### Task instructions
In the data below, find the line containing "19款宝马X7 (配置|询价) 黑/黑" and the line containing "Grilled chicken, tomato, our", then reproduce them and every line between, exactly. Omit pictures.

[[ Dataset excerpts open ]]

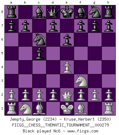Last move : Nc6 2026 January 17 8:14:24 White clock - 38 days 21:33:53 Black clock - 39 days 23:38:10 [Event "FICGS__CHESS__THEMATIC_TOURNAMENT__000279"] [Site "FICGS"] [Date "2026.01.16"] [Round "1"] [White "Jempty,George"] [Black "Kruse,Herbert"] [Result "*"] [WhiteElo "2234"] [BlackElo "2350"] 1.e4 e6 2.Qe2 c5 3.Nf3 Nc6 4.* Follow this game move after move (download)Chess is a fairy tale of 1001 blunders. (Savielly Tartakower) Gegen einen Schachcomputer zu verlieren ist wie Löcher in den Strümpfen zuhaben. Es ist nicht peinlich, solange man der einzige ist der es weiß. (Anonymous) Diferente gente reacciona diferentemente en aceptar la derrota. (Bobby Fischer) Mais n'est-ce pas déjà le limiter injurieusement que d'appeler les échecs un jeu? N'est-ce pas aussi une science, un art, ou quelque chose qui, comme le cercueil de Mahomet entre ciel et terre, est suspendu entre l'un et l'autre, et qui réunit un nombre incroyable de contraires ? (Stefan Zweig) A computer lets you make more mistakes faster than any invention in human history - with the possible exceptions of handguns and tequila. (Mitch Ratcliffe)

[[ Dataset excerpts closed ]]
[[ Dataset excerpts open ]]

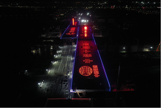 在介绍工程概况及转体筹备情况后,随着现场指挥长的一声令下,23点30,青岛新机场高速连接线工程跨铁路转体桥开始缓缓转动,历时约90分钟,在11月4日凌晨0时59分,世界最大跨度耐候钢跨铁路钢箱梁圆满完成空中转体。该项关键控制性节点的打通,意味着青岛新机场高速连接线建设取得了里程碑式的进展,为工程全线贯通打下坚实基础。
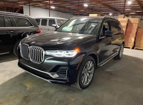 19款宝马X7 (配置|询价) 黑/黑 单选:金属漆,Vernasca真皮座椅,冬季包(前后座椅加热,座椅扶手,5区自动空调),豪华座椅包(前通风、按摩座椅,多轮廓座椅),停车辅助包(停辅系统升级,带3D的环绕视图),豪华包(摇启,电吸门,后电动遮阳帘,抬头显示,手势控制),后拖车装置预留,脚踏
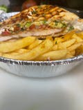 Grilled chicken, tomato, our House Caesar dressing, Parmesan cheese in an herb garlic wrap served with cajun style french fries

[[ Dataset excerpts closed ]]

### Answer to this exercise
 19款宝马X7 (配置|询价) 黑/黑 单选:金属漆,Vernasca真皮座椅,冬季包(前后座椅加热,座椅扶手,5区自动空调),豪华座椅包(前通风、按摩座椅,多轮廓座椅),停车辅助包(停辅系统升级,带3D的环绕视图),豪华包(摇启,电吸门,后电动遮阳帘,抬头显示,手势控制),后拖车装置预留,脚踏
 Grilled chicken, tomato, our House Caesar dressing, Parmesan cheese in an herb garlic wrap served with cajun style french fries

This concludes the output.